Data about the 100 highest rated movies has been been scraped from the IMDb website and stored in the file imdb_100.csv (in the data directory).

In [62]:
# read the file into a DataFrame
import pandas as pd
path = '../data/imdb_100.csv'
imdb = pd.read_csv(path)
In [63]:
imdb.columns
Out[63]:
Index(['star_rating', 'title', 'content_rating', 'genre', 'duration',
       'actors_list'],
      dtype='object')
In [64]:
# save the 'title' Series as a Python list
titles = imdb.title.tolist()
In [65]:
print(titles)
['The Shawshank Redemption', 'The Godfather', 'The Godfather: Part II', 'The Dark Knight', 'Pulp Fiction', '12 Angry Men', 'The Good, the Bad and the Ugly', 'The Lord of the Rings: The Return of the King', "Schindler's List", 'Fight Club', 'The Lord of the Rings: The Fellowship of the Ring', 'Inception', 'Star Wars: Episode V - The Empire Strikes Back', 'Forrest Gump', 'The Lord of the Rings: The Two Towers', 'Interstellar', "One Flew Over the Cuckoo's Nest", 'Seven Samurai', 'Goodfellas', 'Star Wars', 'The Matrix', 'City of God', "It's a Wonderful Life", 'The Usual Suspects', 'Se7en', 'Life Is Beautiful', 'Once Upon a Time in the West', 'The Silence of the Lambs', 'Leon: The Professional', 'City Lights', 'Spirited Away', 'The Intouchables', 'Casablanca', 'Whiplash', 'American History X', 'Modern Times', 'Saving Private Ryan', 'Raiders of the Lost Ark', 'Rear Window', 'Psycho', 'The Green Mile', 'Sunset Blvd.', 'The Pianist', 'The Dark Knight Rises', 'Gladiator', 'Terminator 2: Judgment Day', 'Memento', 'Taare Zameen Par', 'Dr. Strangelove or: How I Learned to Stop Worrying and Love the Bomb', 'The Departed', 'Cinema Paradiso', 'Apocalypse Now', 'The Great Dictator', 'The Prestige', 'Back to the Future', 'The Lion King', 'The Lives of Others', 'Alien', 'Paths of Glory', 'Django Unchained', '3 Idiots', 'Grave of the Fireflies', 'The Shining', 'M', 'WALL-E', 'Witness for the Prosecution', 'Munna Bhai M.B.B.S.', 'American Beauty', 'Das Boot', 'Princess Mononoke', 'Amelie', 'North by Northwest', 'Rang De Basanti', 'Jodaeiye Nader az Simin', 'Citizen Kane', 'Aliens', 'Vertigo', 'Oldeuboi', 'Once Upon a Time in America', 'Double Indemnity', 'Star Wars: Episode VI - Return of the Jedi', 'Toy Story 3', 'Braveheart', 'To Kill a Mockingbird', 'Requiem for a Dream', 'Lawrence of Arabia', 'A Clockwork Orange', 'Bicycle Thieves', 'The Kid', 'Swades', 'Reservoir Dogs', 'Eternal Sunshine of the Spotless Mind', 'Taxi Driver', 'Dilwale Dulhania Le Jayenge', "Singin' in the Rain", 'All About Eve', 'Yojimbo', 'The Sting', 'Rashomon', 'Amadeus']
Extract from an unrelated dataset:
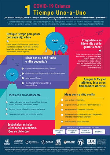 Para ayudar a los padres a interactuar de manera constructiva con sus hijos durante este período de reclusión, estos seis consejos de una página para padres cubren la planificación individual, mantenerse positivo, crear una rutina diaria, evitar el mal comportamiento, controlar el estrés y hablar sobre COVID -19. Úselos para su ventaja y la de sus hijos, y diviértase haciéndolo. Enlace a recursos. |

Here are a few of the titles from this list :

titles = [..., "It's a Wonderful Life", 'The Usual Suspects', 'Se7en', ...]
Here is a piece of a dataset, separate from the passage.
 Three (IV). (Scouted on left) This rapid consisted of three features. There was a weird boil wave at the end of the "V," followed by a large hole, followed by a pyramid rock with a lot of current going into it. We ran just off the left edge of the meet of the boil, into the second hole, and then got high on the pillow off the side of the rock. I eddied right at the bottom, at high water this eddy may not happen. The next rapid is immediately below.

We want a revised list with the initial article (A/An/The) removed, without affecting the rest of the title. Here is the expected output :

clean_titles = [..., "It's a Wonderful Life", 'Usual Suspects', 'Se7en', ...]

In [66]:
import re
In [67]:
# remove the initial article
clean_titles = [re.sub(r'^(A|An|The) ', r'', title) for title in titles]
print(clean_titles)
['Shawshank Redemption', 'Godfather', 'Godfather: Part II', 'Dark Knight', 'Pulp Fiction', '12 Angry Men', 'Good, the Bad and the Ugly', 'Lord of the Rings: The Return of the King', "Schindler's List", 'Fight Club', 'Lord of the Rings: The Fellowship of the Ring', 'Inception', 'Star Wars: Episode V - The Empire Strikes Back', 'Forrest Gump', 'Lord of the Rings: The Two Towers', 'Interstellar', "One Flew Over the Cuckoo's Nest", 'Seven Samurai', 'Goodfellas', 'Star Wars', 'Matrix', 'City of God', "It's a Wonderful Life", 'Usual Suspects', 'Se7en', 'Life Is Beautiful', 'Once Upon a Time in the West', 'Silence of the Lambs', 'Leon: The Professional', 'City Lights', 'Spirited Away', 'Intouchables', 'Casablanca', 'Whiplash', 'American History X', 'Modern Times', 'Saving Private Ryan', 'Raiders of the Lost Ark', 'Rear Window', 'Psycho', 'Green Mile', 'Sunset Blvd.', 'Pianist', 'Dark Knight Rises', 'Gladiator', 'Terminator 2: Judgment Day', 'Memento', 'Taare Zameen Par', 'Dr. Strangelove or: How I Learned to Stop Worrying and Love the Bomb', 'Departed', 'Cinema Paradiso', 'Apocalypse Now', 'Great Dictator', 'Prestige', 'Back to the Future', 'Lion King', 'Lives of Others', 'Alien', 'Paths of Glory', 'Django Unchained', '3 Idiots', 'Grave of the Fireflies', 'Shining', 'M', 'WALL-E', 'Witness for the Prosecution', 'Munna Bhai M.B.B.S.', 'American Beauty', 'Das Boot', 'Princess Mononoke', 'Amelie', 'North by Northwest', 'Rang De Basanti', 'Jodaeiye Nader az Simin', 'Citizen Kane', 'Aliens', 'Vertigo', 'Oldeuboi', 'Once Upon a Time in America', 'Double Indemnity', 'Star Wars: Episode VI - Return of the Jedi', 'Toy Story 3', 'Braveheart', 'To Kill a Mockingbird', 'Requiem for a Dream', 'Lawrence of Arabia', 'Clockwork Orange', 'Bicycle Thieves', 'Kid', 'Swades', 'Reservoir Dogs', 'Eternal Sunshine of the Spotless Mind', 'Taxi Driver', 'Dilwale Dulhania Le Jayenge', "Singin' in the Rain", 'All About Eve', 'Yojimbo', 'Sting', 'Rashomon', 'Amadeus']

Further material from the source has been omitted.